In auditorium the patient/parent session started with NTDT care followed by session on Cure. Audience were eagerly waiting to listen on Gene therapy as Gene therapy has shown promising results and many patients have been cured permanently. Dr Sandeep Soni Associate Professor of Pediatrics, Division of SCT, UCSF, San Francisco, CA, USA who himself has been involved in Gene therapy in thalassemic has specially enlightened us on this new therapy. He said new technology “gene editing” is now been tried. He said 42 out of 44 patients stopped blood transfusion and 2 patients have 75% and 89% reduction in transfusions with no serious side effects and no fatality.

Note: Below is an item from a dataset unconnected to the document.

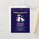 Une invitation à la fête d'anniversaire fantaisiste et féminine. Conçu avec 2 licornes mignonnes avec queues vives et colorées, et crinière. Un arc-en-ciel coloré avec des nuages de chaque côté au-dessus de la tête. D'autres éléments comprennent une petite fleur au coeur et quelques étoiles. Sur le dessus, des points de confettis colorés et vibrants. Juste une image pas un vrai confetti. Une banderole de brassage s'étire sur le dessus. Un arrière - plan violet foncé.
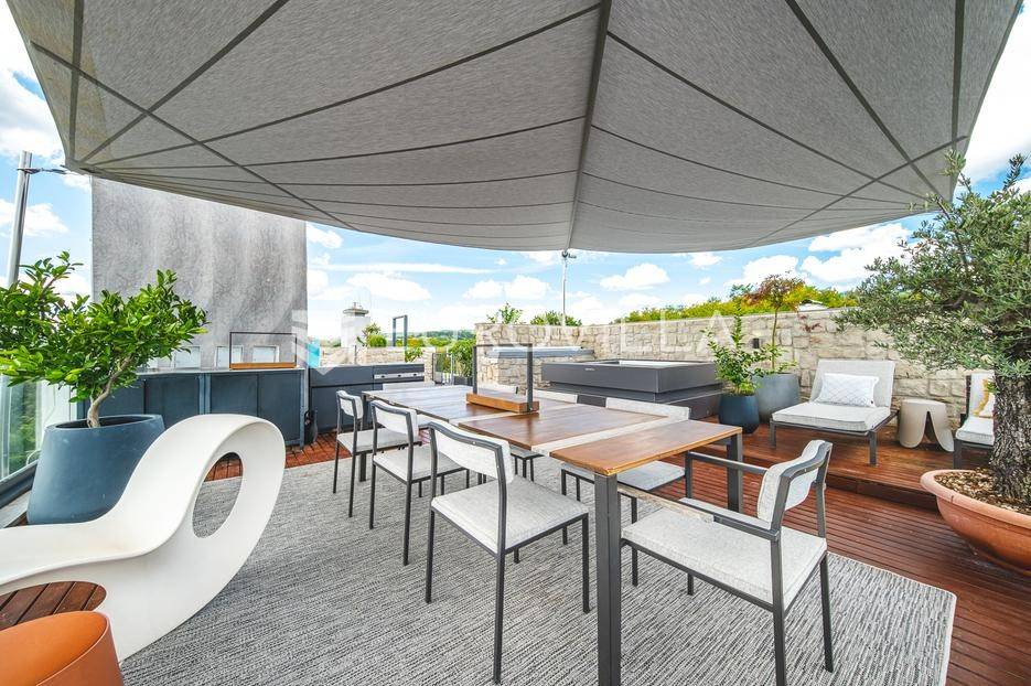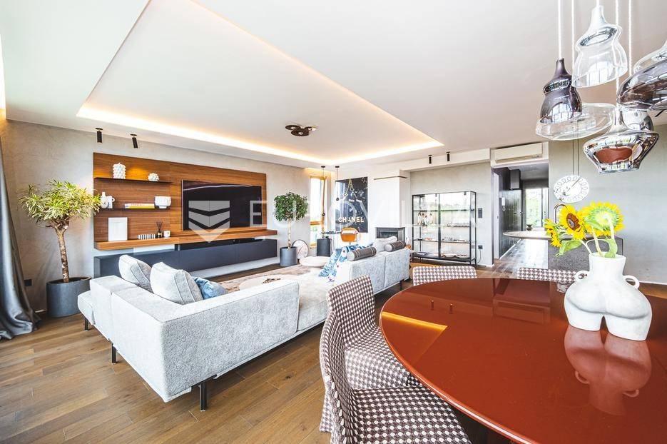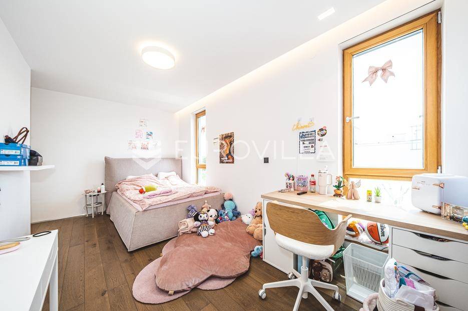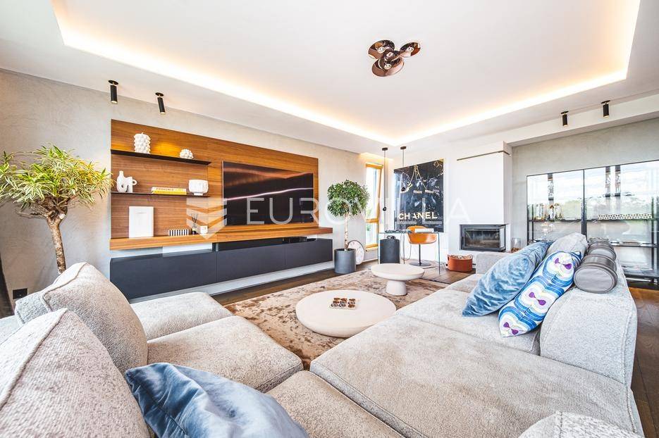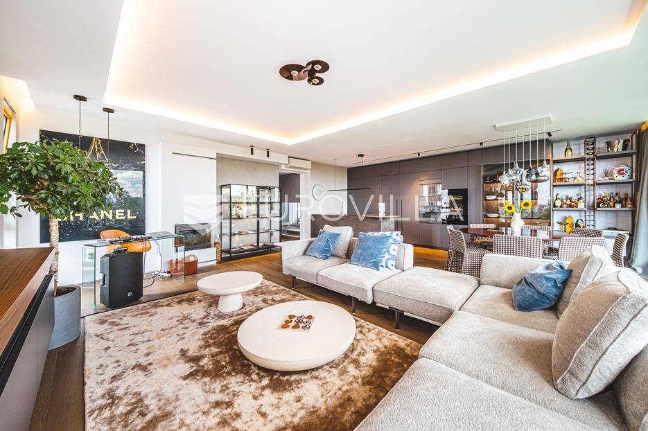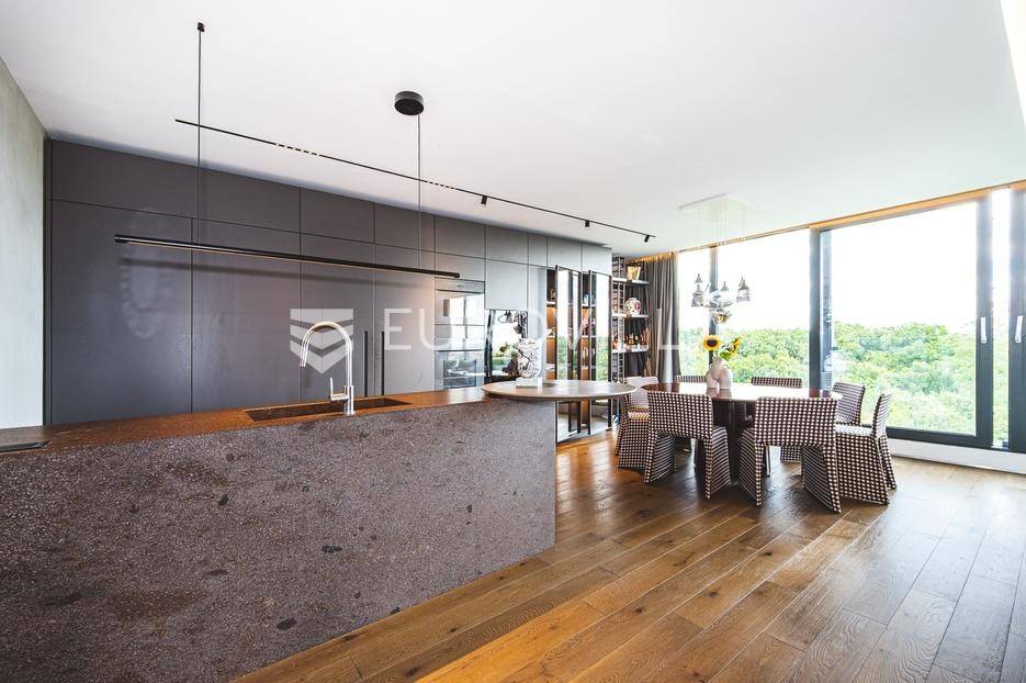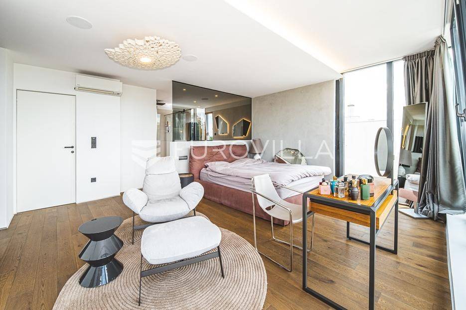 Na jednoj od najmirnijih i najpoželjnijih zagrebačkih lokacija, Jelenovcu, u ponudi je ekskluzivni trosobni penthouse smješten na drugom katu urbane vile novije gradnje.Stan se prostire na dvije etaže, ulazni hodnik smješten je na prvom katu, a unutarnje stubište vodi na glavnu etažu zatvorene površine 147,15 m2 koje obuhvaća, prostrani dnevni boravak, kuhinju i blagovaonicu u otvorenom konceptu s predivnim pogledom na park-šumu Jelenovac, glavne spavaće sobe (master room) s vlastitom kupaonicom i garderobom, radne sobe, dodatne spavaće sobe s vlastitom kupaonicom, zasebnog WC-a i odvojenog prostora za vešeraj.Pripada mu vanjski vrt površine 278,05 m2 (27,80), garaža površine 15,30 m2 (9,18), vanjsko parkirno mjesto 12,5 m2 (2,5) ukupno obračunski NKP 186,62 m2. Također raspolaže vlastitim, zasebno odvojenim spremištem smještenim u podrumu zgrade površine 18 m2.Stan je opremljen vrhunskim dizajnerskim namještajem i opremom: Antonio Lupi oprema u glavnoj kupaonici, Molteni garnitura za dnevni boravak, kuhinja The Cut (Italija) s Miele aparatima i vinskim hladnjakom Liebherr, dizajnerski lusteri i walk-in ormar talijanskog dizajna, parket i keramika I klase iz Italije.Posebnost stana je luksuzna terasa površine 70 m2 opremljena vrhunskim Talenti vrtnim namještajem, velikim blagovaonskim stolom za 12 osoba, vanjskom kuhinjom, električno podesivom tendom u obliku jedra koja prekriva cijelu površinu, jacuzzijem za četiri osobe te spektakularnim pogledom koji pruža potpuni ugođaj privatnosti i uživanja.Lokacija:

Then we had a session on Patients Perspective which was managed by Ms Sangeeta. Dr Michael Angastiniotis medical director TIF stressed the need of access to quality care. Thalassemia International Federation, executive Director Dr Androulla Eleftheriou gave tips on strengthening the thalassemia advocacy groups in the country. Mr TD Dhariyal explained the importance of RPWD act for Thalassemics and how to get benefits under this act. His talk was very simple and interactive.

Then we had a session on adolescence, fertility and pregnancy followed by capacity building session for the patients and parents. Mr Prabhat Sinha who has vast experience in patient advocacy and CSR funding exhorted the NGO representatives to be vigilant about Govt. allocation for the programs and keep track of its utilisation. He said many times lot of funds are allocated but are sent back without utilising, make yourself aware of schemes and its implementation.

The program ended with discussion on “Challenges in Daily Life” by prominent successful Thalassemics, Mr Gagandeep Singh Chandok, Mr Ajay Gandhi (from London UK), Ms Pooja Gupta (Delhi), Ms Aarti Batra (Gurgaon) and Dr Ravi Dhanani (Rajkot Gujarat). It was moderated by Ms Sangeeta Wadhwa (Mumbai)

In the MEU hall sessions were specially held to update the medical professiols involved in management of thalassemia. Pre lunch was managed by Dr Amita Mahajan and pot lunch by Dr Piali Mandal. Around 100 doctors participated. It started with pitfalls in diagnosis, transfusion, allo-immunisation, monitoring and iron chelation. Growth & puberty, Endocrine, Fertility & pregnancy and NTDT were also covered in detail. BMT by Dr Alok Srivatava, Gene therapy by Dr Sandeep Soni and Luspatercept by Dr Maria Capellini sessions were most interactive

The conference ended with confidence that participants were more wiser to take care, prevent & manage the complications and hope soon we will have affordable and safe care & cure of thalassemia, of course not forgetting control of thalassemia is ultimate goal.